Set down exactly the lines that run from the one containing "To better understand" to the end of the material below, both included, without pictures.

DATA SHOWN >>
:::::

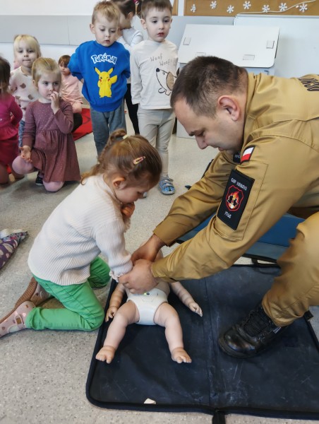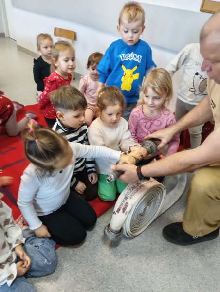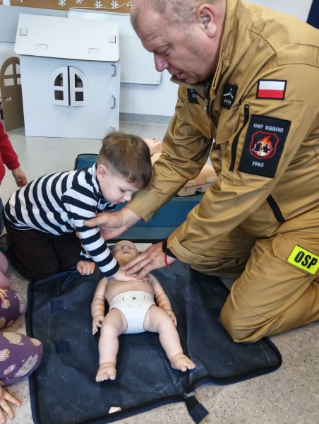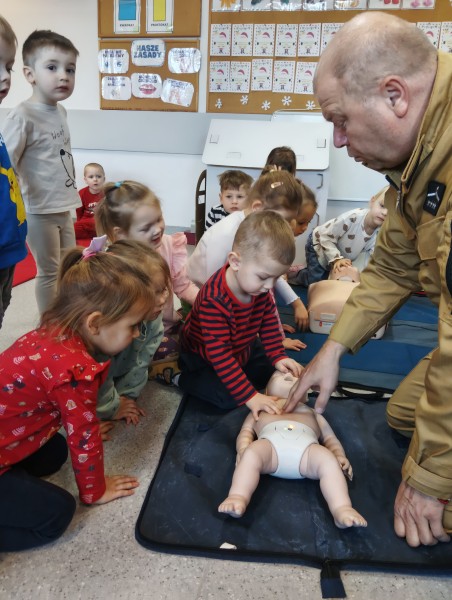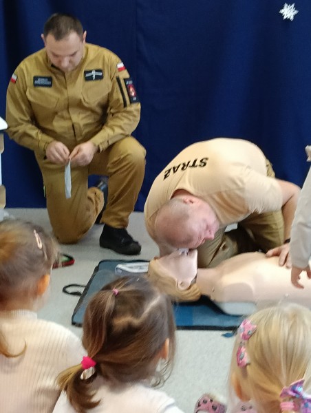 Spotkanie ze straĹźakami, ktĂłrzy przybliĹźyli nam swojÄ ciÄĹźkÄ pracÄ, pokazali elementy wyposaĹźenia oraz wspĂłlnie przeÄwiczyliĹmy udzielanie pierwszej pomocy.
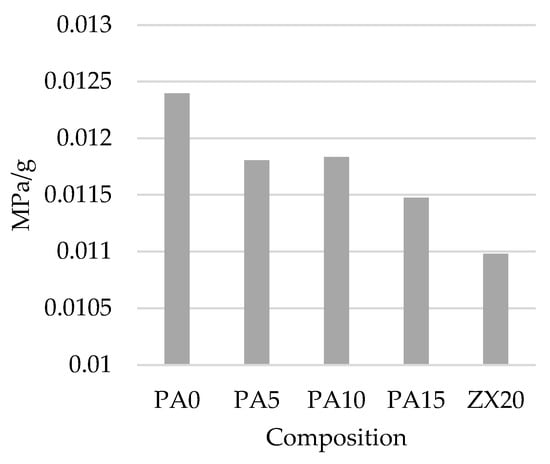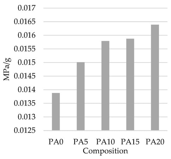 To better understand the effect of the NPA on the properties analysed, the test data were adjusted, i.e., recalculated to express the compressive strength achieved per unit weight of PC. This recalculation method helps to eliminate the effect of PC “dilution” and reveal the relative effectiveness of NPA on mechanical properties.
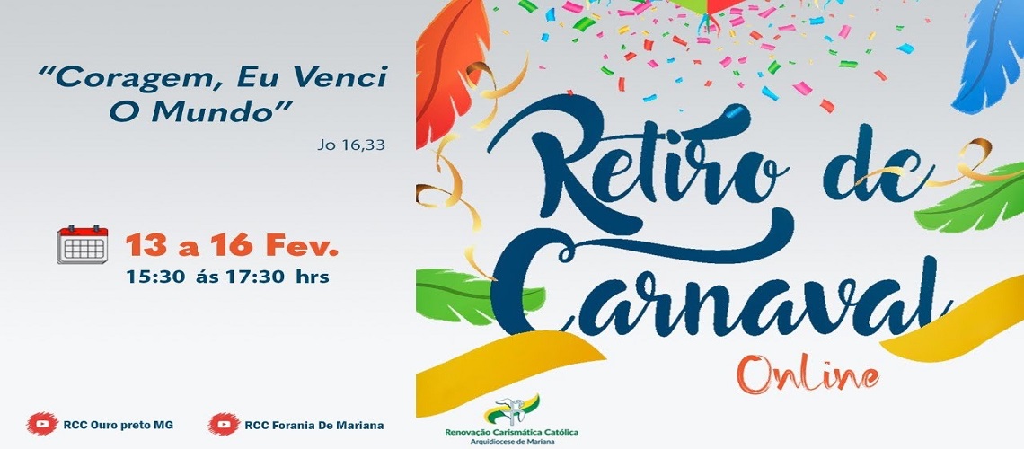 O Senhor conta com a sua ousadia! Ele precisa apenas que você se desafie! Deixe ele mudar a sua vida através desse retiro! Nós, da Renovação Carismática Católica de Mariana e Ouro Preto, esperamos por você para esse encontro pessoal com nosso Senhor e Salvador Jesus Cristo através do batismo no Espírito Santo entre os dias 13 e 16 de fevereiro!

:::::

OUTPUT FOR THIS TASK >>
 To better understand the effect of the NPA on the properties analysed, the test data were adjusted, i.e., recalculated to express the compressive strength achieved per unit weight of PC. This recalculation method helps to eliminate the effect of PC “dilution” and reveal the relative effectiveness of NPA on mechanical properties.
 O Senhor conta com a sua ousadia! Ele precisa apenas que você se desafie! Deixe ele mudar a sua vida através desse retiro! Nós, da Renovação Carismática Católica de Mariana e Ouro Preto, esperamos por você para esse encontro pessoal com nosso Senhor e Salvador Jesus Cristo através do batismo no Espírito Santo entre os dias 13 e 16 de fevereiro!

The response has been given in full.